青枯菌作为一种维管束病害,能够利用鞭毛感知植物根系,从植物根部的自然孔口(根尖、侧根生长点等薄弱位置)或伤口进入植物,随着水分向上运输,或沿着木质部导管壁移动(Lowe-Powe3 et al 2018)。已有研究表明,具有抗性的植株能够在空间和时间上青枯菌的根系定殖能力(Caldwell et al 2013)。因此维管束是青枯菌在植物中生产和发挥毒力的重要场所。维管束是由初生木质部和初生韧皮部共同组成的束状结构,是植物体输导水分、无机盐及有机物质的通道。在目前农业生产中,维管束病害常造成严重的损失,针对马铃薯青枯病病害尚未有很好的治理方法,目前来讲,培育具有青枯病抗性的品种是最高效且最直接的防治方式,但马铃薯栽培品种缺乏青枯病抗源,抗病育种收效甚微(Lafe33ie3e et al 1999)。所以寻找抗性相关基因和解析植病互作机制对我国马铃薯的生产具有重要的理论和实用价值。

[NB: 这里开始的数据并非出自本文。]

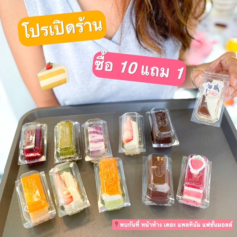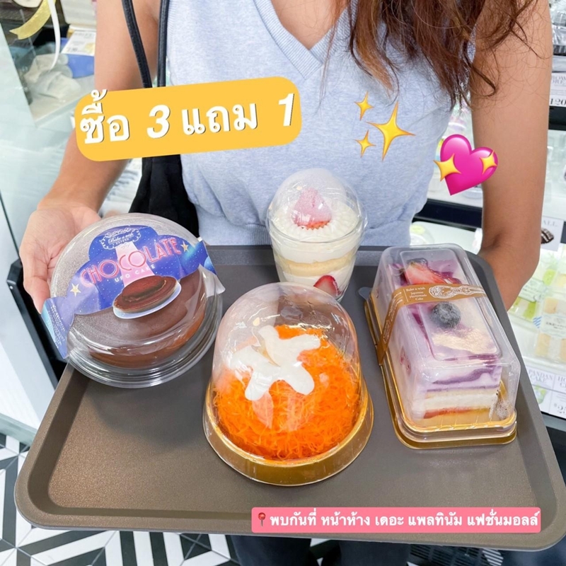 พิเศษช่วงแนะนำร้าน พบกับ 2 โปรโมชั่นอิ่มอร่อยสุดคุ้ม เมื่อซื้อเค้กชิ้นใหญ่ 3 ชิ้น แถมฟรี 1 ชิ้น และสำหรับใครที่ชอบลิ้มลองเค้กหลากหลายรสชาติแนะนำโปรโมชั่นซื้อมินิเค้ก 10 ชิ้น แถม 1 ชิ้น ทันที
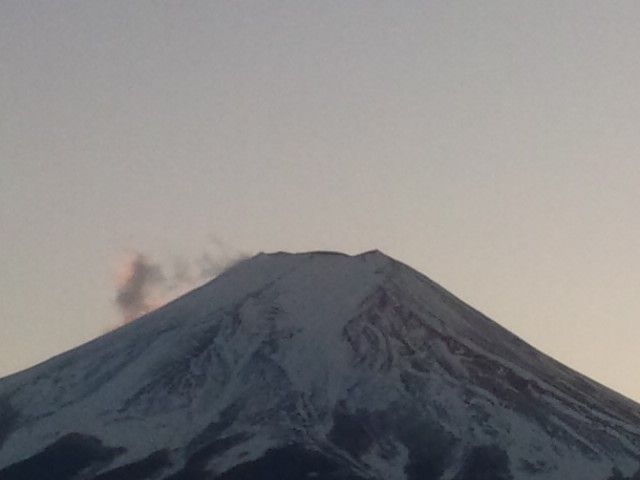 今日の富士山は北西の季節風が強く吹いていて、富士山にはずっと吹き出しに伴う雪煙が舞い上がっていました。

现有技术存在的问题:通过基因工程的手段去研究和改良具有很好的应用前景。基因的表达受不同因素的调控,其中转录调控是基因表达的重要调控步骤。而启动子在基因的特异表达过程中发挥着重要的作用。目前已经鉴定的维管束特异启动子较少,尤其在马铃薯中还没有发现。因此,提供一种能够直接在植物维管束表达并且受维管束病害诱导的启动子驱动抗病基因对马铃薯青枯病等维管束病害的防治尤为重要。
发明内容
本发明要解决的关键技术问题在于通过提供一种受青枯菌诱导的维管束特异表达的启动子及其应用。为解决上述技术问题,本发明采用如下技术方案:
1.一种受青枯菌诱导的维管束特异表达的启动子,所述启动子核苷酸序列如SEQID:NO.1所示。序列表中SEQ ID:NO.1所示的DNA序列来源为鄂马铃薯3号(E3)的马铃薯维管束特异表达启动子。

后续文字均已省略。